Homemade ravioli is made with homemade pasta and stuffed with Greek cheese; Raviolies.
These delicious morsels of homemade ravioli stuffed with the sunshine of Cyprus; Halloumi cheese, sun-dried tomatoes, rocket and olives. Known as raviolies.
Did you know the use of ‘pasta’ has been recorded in writings found in 1st Century AD by Horace of Rome and also 2nd Century AD in writings by Athenaeus Naucratita of Greece?
That’s 2000 years and we’re still loving pasta as much today as we did while wearing a toga.
Traditionally this homemade ravioli recipe would have been made with just Halloumi and egg. But I think they need a little extra love – and I’ve always been an advocate of sharing the love!

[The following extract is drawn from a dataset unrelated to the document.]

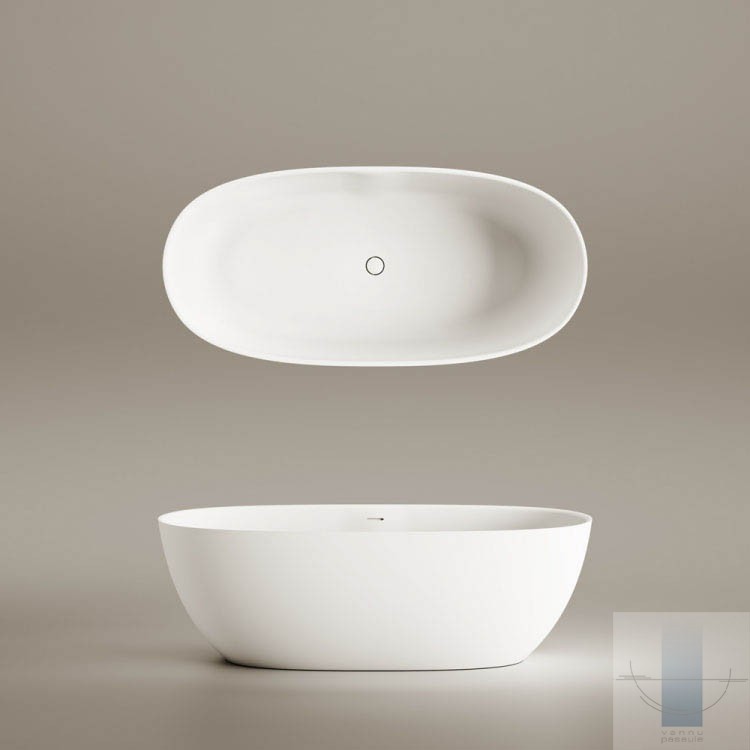Vizuāli viegla, skulpturāli precīza un ietilpīga brīvstāvošā vanna. Izgatavota no Silkstone – cēla un ilgmūžīga materiāla. Cieta kā akmens ar matēti zīdainu, siltu virsmu. Apstrādāta ar rokām.

You might be thinking that homemade ravioli are a bit of a faff to make. They are.
Let’s not pretend they are something that you throw together in a few minutes for a quick easy dinner. They take a little time.
Ideally you’ve made your own pasta, prepared your filling and have the time and inclination to start your pasta assembly line.
But you know what? It’s fun. Get the kids involved, make a ton of pasta, spend an afternoon doing it. Treat it as an activity opposed to a chore and all the love you invest into creating your little raviolies will be returned as you take your first bite..
But I digress, let’s start cooking…
Homemade Ravioli – Raviolies
Ingredients – serves 2:
Mix together and reserve until ready to use.
100g Halloumi Cheese – grated
20g olives – coarsely chopped
30g rocket – coarsely chopped
40g sundried tomatoes – coarsely chopped
Homemade Ravioli Pasta Dough:
First make pasta – to avoid this post reading like a Greek philosophers handbook read my post describing how to make pasta at home. A good cheat is to buy fresh lasagna sheets.
3 tbl butter
1 tbl olive oil
1 clove garlic kept whole – crushed
Pinch of chilli flakes
Squeeze of lemon
Add all the ingredients together and gently warm in a saucepan until the butter has melted and just started to brown.
Make the Ravioli:
Place one heaped tablespoon of filling per ravioli along the sheet of pasta with a gap of approx 4 inches between each piece of filling.
Wipe some eggwash or water in-between and around each piece of filling – not a lot, just enough to enable the pasta to stick together. Gently lay another layer of pasta over the top and push down around each piece of filling – trying to remove as much air as possible.
Use a ravioli cutter or just cut with a knife and ensure the edges are sealed by squeezing together with your fingers or pushing down with a back of a fork. Place the ravioli’s on a surface dusted in semolina or some flour (but semolina works best).
Continue until all ravioli are made.
Cook that day, if using the next day you can cover in cling film and refrigerate, or freeze to use in a couple of weeks time.
Cook the Ravioli:
Drop each ravioli into gently simmering salted water – when they float they are done (about 2-3 minutes) and with a slotted spoon take them out and drop straight into the pan with the butter sauce (don’t worry if a few drops of the pasta water go into the sauce, the starch in the water will help thicken the sauce – so yes, it’s a good thing!).
To serve, place the ravioli on a plate, garnish with some fresh mint and a few grates of Halloumi and a couple of spoons of the butter sauce.
Goes well with a nice glass of white!